No one starts a business expecting it to fail. However, the sad reality is that many small businesses go bankrupt within the first few years. There are several reasons why this happens, but today we’re going to focus on five of the most common ones. So, if you’re a small business owner, pay attention to these warning signs and take action before it’s too late.
The leading cause of bankruptcy for any business is personal problems. Unfortunately, these problems often intertwine with the business and can quickly spiral out of control. Here are three of the most common personal issues that end up sinking a small business.
Child Custody and Divorce
Divorce is a way too common occurrence in the United States. It’s estimated that five couples get divorced in every 1,000 people. That’s a rate of 50% for first marriages and even higher for subsequent marriages.
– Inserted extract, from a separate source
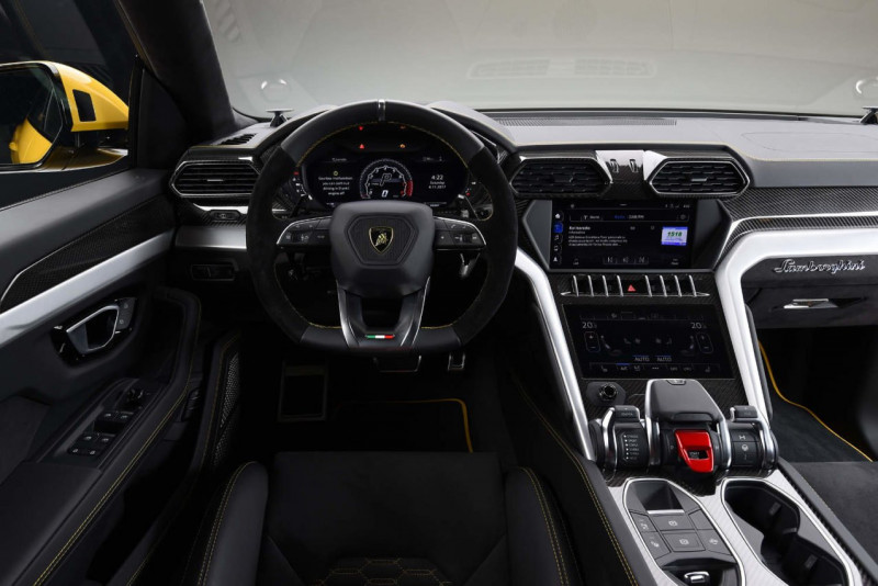 Urus的內裝部分受到 LM002和Aventador、Huracán啟發,座艙內儀錶盤全面改用液晶螢幕取代,中控台將實體按鍵幾乎簡化,整合進上方10.1吋、下方8.6吋的液晶螢幕。Tamburo 駕駛動態選擇器位於中控台,可切換STRADA(道路)、SPORT(運動)、 CORSA(賽道)模式、 NEVE(雪地)模式,TERRA(荒野)和 SABBIA(沙地)為選配。主動式減震懸吊可由 ANIMA 駕駛模式選擇器自動適應,或駕駛者自己從EGO自訂模式調節剛度,實現或平穩舒適或極致動感的駕駛體驗。三輻方向盤內含減震器,增強駕駛舒適性。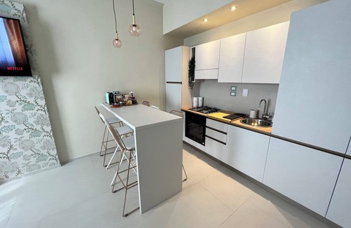 Gemini One consists of a large living room equipped with a 55-inch Smart TV, a full kitchen, two double bedrooms also equipped with Smart TVs & a marble bathroom with glass shower.

The business can become a bargaining chip in property settlements when going through a divorce. This can lead to loss of ownership, lack of funds for operations, or even the closure of the business. Additionally, child custody can lead to the owner losing money. If you want to avoid these problems, it’s good to get professional help. An experienced child custody lawyer can help you reduce financial impact and protect your business interests in a divorce. They might even help you win a case. This is the same for divorce. A good lawyer can help you come out on top and protect your business.
Illness or Injury
Illness and injury can also have a significant impact on small businesses. When the owner falls ill or cannot work due to injury, it may be difficult for them to continue running the business effectively. This can lead to financial strain and, ultimately, bankruptcy. This is why it’s always good to get health insurance for you and your company to avoid this particular problem.
Substance abuse is another personal problem that can affect small businesses. Not only does it impair decision-making and weaken performance at work, but it can also lead to legal troubles and financial strain. Therefore, it’s essential to seek professional help if you or your company are struggling with substance abuse.
Poor Cash Flow Management
Poor cash flow management is one of the most common reasons why small businesses go bankrupt. To stay afloat, companies must have enough money to cover their expenses. If your business isn’t generating enough revenue to cover its costs, you’ll run into trouble very quickly. So make sure you close your cash flow and take steps to improve it if necessary. Additionally, three measures ensure that your business will have good cash flow.
Putting your eggs in one basket can be risky, especially regarding your income. If you rely on only one or two clients for most of your income, it’s a good idea to diversify and have multiple sources of revenue. This way, you won’t be left high and dry if one source dries up.
Watch Your Expenses
It’s essential to keep track of where your money is going and ensure you aren’t overspending. Then, cut unnecessary expenses and find ways to save money where you can.
Have an Emergency Fund
Having an emergency fund is crucial for any business. This will provide a safety net in case of unexpected expenses or financial hardships. Therefore, it’s essential to plan and have enough saved up.
Over-Reliance on Debt
Another common reason for small business bankruptcy is over-reliance on debt. It’s not unusual for businesses to use loans or lines of credit to finance their operations. However, if you’re relying too heavily on debt, you’re risking your business. You could find yourself in severe financial trouble if something goes wrong and you can’t make your loan payments. Make sure you only borrow what you can afford to pay back, and always plan how you’ll repay your debts if things don’t go as planned.
Lack of Diversification
If your business relies too heavily on one source of income, it’s at risk of failing if that income stream dries up. For example, if your only source of revenue is from selling products online and suddenly your website crashes, you could be in big trouble. Make sure you diversify your income streams so that your business can weather any storms that come its way.
One of the biggest mistakes businesses make failing to plan for the future. Every business should have a well-thought-out plan that includes short-term and long-term goals. Without a plan, getting off track and making poor decisions can easily lead to financial ruin. So make sure you take the time to develop a solid plan for your business and review it regularly to ensure you’re still on track.
No one wants their small business to go bankrupt, but unfortunately, it happens more often than you might think. There are several reasons why businesses fail. If you’re a small business owner, keep these warning signs in mind and take action before it’s too late.